Oggi Stoner continua la sua vita di long seller. Possiamo definirlo un classico nella definizione calviniana “un classico è un libro che non ha mai finito di dire quel che ha da dire”.
Ma perché un libro diventa un classico? Perché diventa un cult? Forse dobbiamo ricollegarci a quella definizione di inattualità di cui parlavamo prima. Stoner parla delle vicende del suo tempo senza essere ancorato al suo tempo. La nostra vita, la nostra epoca non contano. È l’inattualità che lo rende eterno. Non serva combattere, ribellarsi alle peripezie e ai personaggi che incontriamo sul nostro cammino: le cose accadono lo stesso, il tempo passa comunque. Ma la letteratura può essere eterna.
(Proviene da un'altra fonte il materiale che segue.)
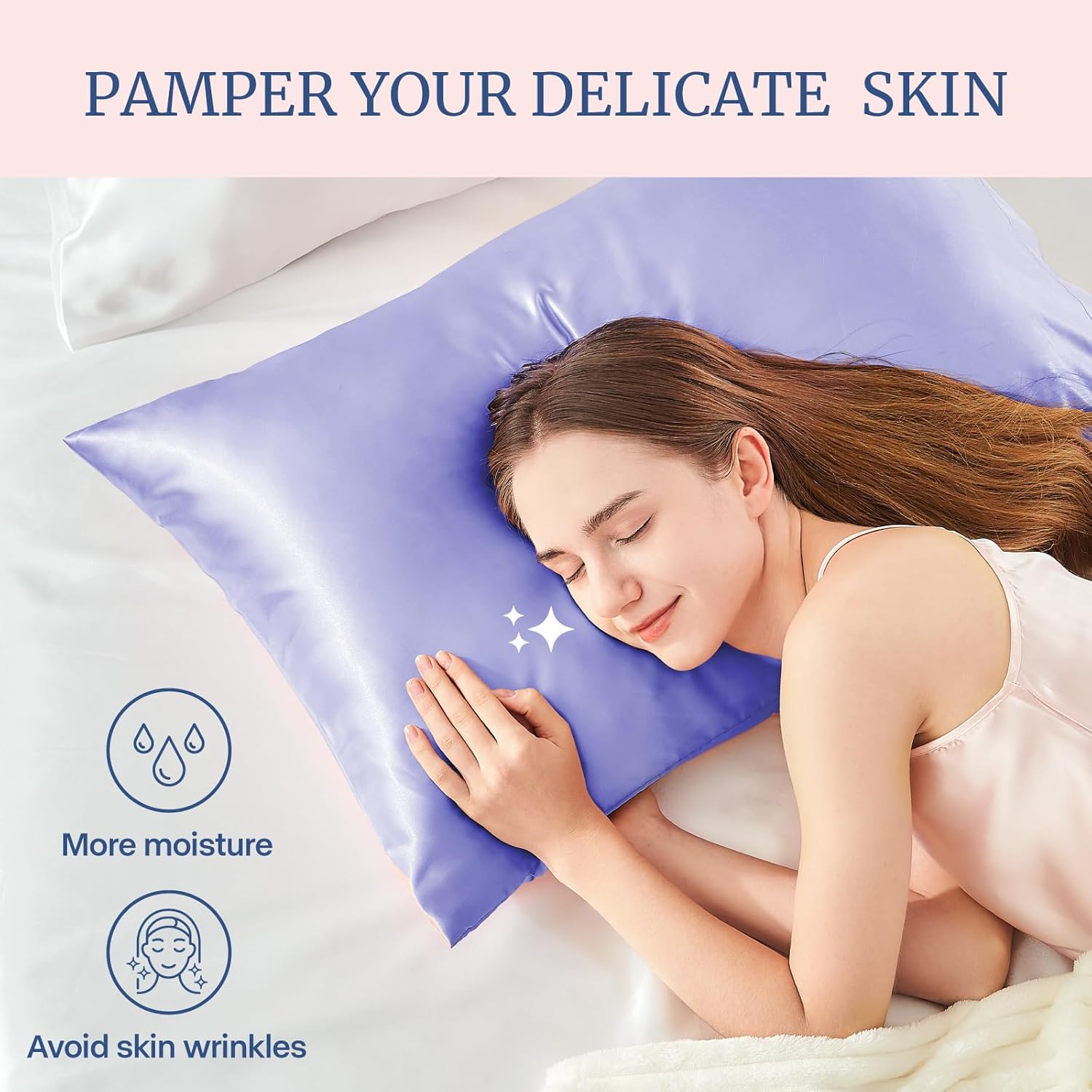 BEDELITE Satin Pillowcase for Hair and Skin, Super Soft Similar to Silk Pillow Cases 4 Pack with Envelope Closure, Cooling Pillowcases for Women Men (20"x30" Queen Size, Lilac)

Sicuramente le tematiche affrontate sono universali e perenni: il senso della vita, l’etica del lavoro, l’importanza dell’insegnamento e la gratificazione che ne deriva, il valore della letteratura, la ricerca dell’amore e dell’amicizia. Ma il romanzo ci insegna anche a combattere il nostro egoismo, ci presenta l’arrivismo (di cui oggi soffriamo tutti) come valore negativo, ci mostra il successo personale non come apice da raggiungere ma come forma di prevaricazione sul prossimo. Il rifiuto alla lotta, alle proprie ambizioni personali, fanno di Stoner un personaggio alieno all’umanità. Forse proprio questo aspetto esercita sul lettore una funzione di specchio, si insinua nell’animo di ognuno di noi e risveglia la nostra coscienza, ci illumina una via da seguire per nasconderci dal nostro stesso egoismo e quella via non può che condurre all’interno di un libro.
Possiamo parlare, quindi, di metaletteratura, di osservazione del ruolo della letteratura attraverso un romanzo. Se dovessimo definire quel ruolo attraverso Stoner, parleremo di rifugio, che poi è il rifugio che trova Stoner stesso. E che spera di trovare anche dopo la morte.
Ecco le parole finali del romanzo: Aprì il libro, e mentre lo faceva, il libro smise di essere il suo. Lasciò correre le dita sulle pagine e sentì un fremito, come se quelle fossero vive. Il fremito gli attraversò le dita e corse lungo la carne e le ossa. Ne era profondamente cosciente e aspettò fino a sentirsene avvolto, finché l’eccitazione di un tempo, simile al terrore, non lo immobilizzò nel punto in cui era steso. La luce del sole, attraversando la finestra, brillò sulla pagina e lui non riuscì a vedere cosa c’era scritto. Le dita si allentarono e il libro che teneva si mosse piano e poi rapidamente lungo il corpo immobile, cadendo infine nel silenzio della stanza”.